When I was in college I read Margaret Mitchell’s “Gone With the Wind,” probably just to see what all the fuss was about, and came away from the experience understanding why it was a publishing phenomenon in its day and why, despite evoking some controversy, it continues to be read and enjoyed.
On the other hand, the closer I draw to the end of Book One of “Northwest Passage,” the more baffled I become by the enthusiastic reception that greeted Kenneth Roberts’ novel in 1937 (Number two on the charts after “Gone With the Wind”) and by the fact that new editions continue to be printed. Not that there’s anything wrong with it. It’s beautifully written, the story is engagingly told, and it’s full of such vivid descriptions of the topography of the primeval woods and waters of the Northeast that I feel as though, turned loose with my blindfold removed at St. Francis, I would recognize much of the landscape while I made my way, scratched, bug-bitten, bedraggled and starving, toward Portsmouth.
Aside from its sliver of a soap opera concerning Miss Elizabeth Browne, “Northwest Passage” is as linear and single-minded as Robert Rogers’ plan of attack on the Abenaki stronghold at St. Francis. His Rangers make a harrowing trek over boggy terrain, outnumbered by an enemy nipping at their heels, arrive at St. Francis cold, hungry and haggard, annihilate most of an Abenaki village in a surprise attack at dawn, then dash away before they can be trapped by their pursuers, only to make an even more grueling march to a fort where provisions are supposed to be waiting. That’s the essence of the story: Marching, hunger, a massacre, a few atrocities, more marching, survivors pressed even closer to the brink of starvation, a flirtation with cannibalism, and finally, in the nick of time, salvation.
The march on St. Francis must have caught the French and their Indian allies napping because it should have been impossible, and it very nearly was. Almost as audacious as the raid itself, was the notion of turning the Rangers’ ordeal into a best-selling piece of historical fiction, serialized in the pages of the Saturday Evening Post before being published as a novel. Then, something even less likely happened. Someone read the book and thought, “What a great movie this would make!” Even more improbably, the 1940 movie was adapted as a television series which aired for one season of relatively wholesome entertainment (100% cannibalism-free, I imagine) on NBC.

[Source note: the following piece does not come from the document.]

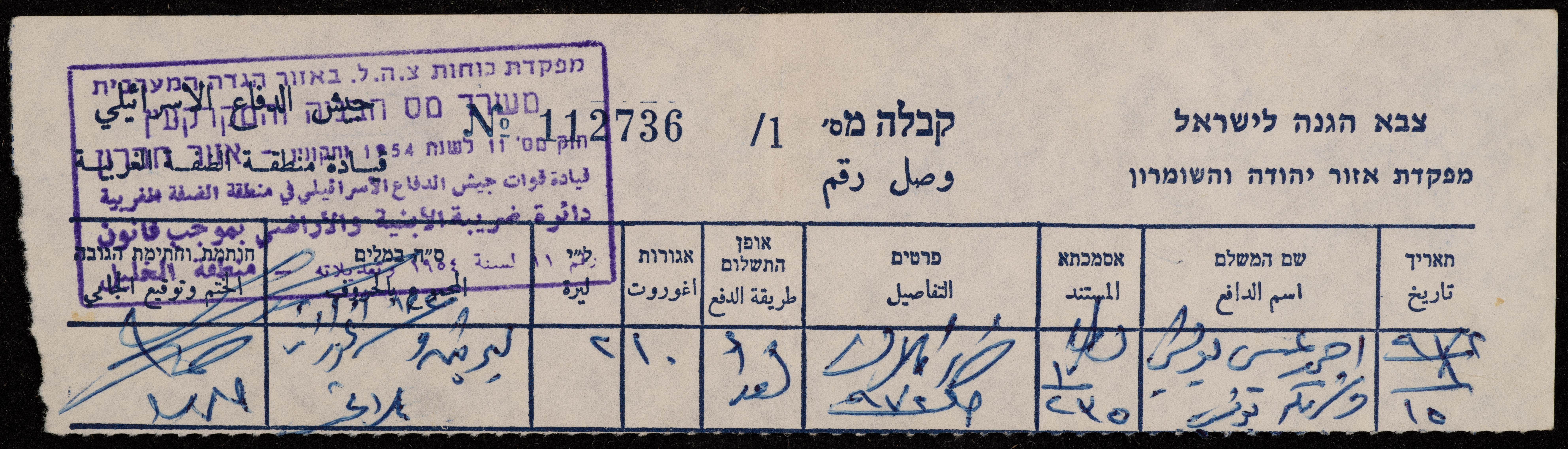 Property Tax Payment Receipt, Hebron, 15 August 1972

My chief purpose for creating this website was to make a repository for information that is otherwise difficult to track down on the Internet. You might remember that I started reading “Northwest Passage” simply to find out what Roberts had to say about Col. Zaccheus Lovewell, the brother of Captain John Lovewell, and post it here for others to see. I met that goal the day after the package arrived at my doorstep, but kept on turning the pages because even after 75 years, the hefty volume remains a lively account of the life of a Colonial Ranger and the perils and privations he willingly, even eagerly faced. I’m also reading another book that serves that same purpose, but without Kenneth Roberts’ melodramatic flourishes, Stephen Brumwell’s “White Devil,” a nonfiction treatment of the career of Robert Rogers, centering on his raid on St. Francis. The title of the book is the English equivalent of the name the Abenakis gave Rogers, apparently with good reason.

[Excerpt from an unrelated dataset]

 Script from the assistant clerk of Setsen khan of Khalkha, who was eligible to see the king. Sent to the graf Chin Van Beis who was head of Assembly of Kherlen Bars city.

A comprehensive but far more entertaining source is John F. Ross’s “War on the Run: The Epic Story of Robert Rogers and the Conquest of America’s First Frontier.” Brumwell’s “White Devil” is certainly enlightening, but it’s also a very scholarly overview of the early conflict over control of North America, the sort of thing that might be required reading for a college survey of 18th century American history. Even readers not obsessed with Robert Rogers, American history or even family history (Yes, Zaccheus Lovewell does put in a brief appearance) should have great fun leafing through Ross’s “War on the Run,” which as its name suggests, is a down-to-earth read.
Ross firmly anchors Rogers in rough-and-tumble Colonial America, home to stalwart patriots, but also flamboyant rogues who risked a public face-branding and ear-cropping for their petty crimes. Robert Rogers, as anyone who’s read the outline of his life knows, may have straddled both worlds. The day before punishment could be meted out to Rogers for holding a cache of counterfeit money, war broke out. Instead of having an initial seared into his cheek and getting the top of an ear snipped off, the defendant raised a company of men, became their captain, and led them proudly into the frontier where they would all become American heroes.
In one of those quirks of history, as with that earlier celebrated figure from Colonial America, Captain John Lovewell, no likeness of Robert Rogers was ever made by anyone who saw him. However, we do have Joseph Blackburn's beautiful oil painting of Elizabeth Browne, the Portsmouth girl who married Rogers in 1761 and divorced him in 1778. There. I’ve ruined the end of Book One of “Northwest Passage," and possibly, Book Two.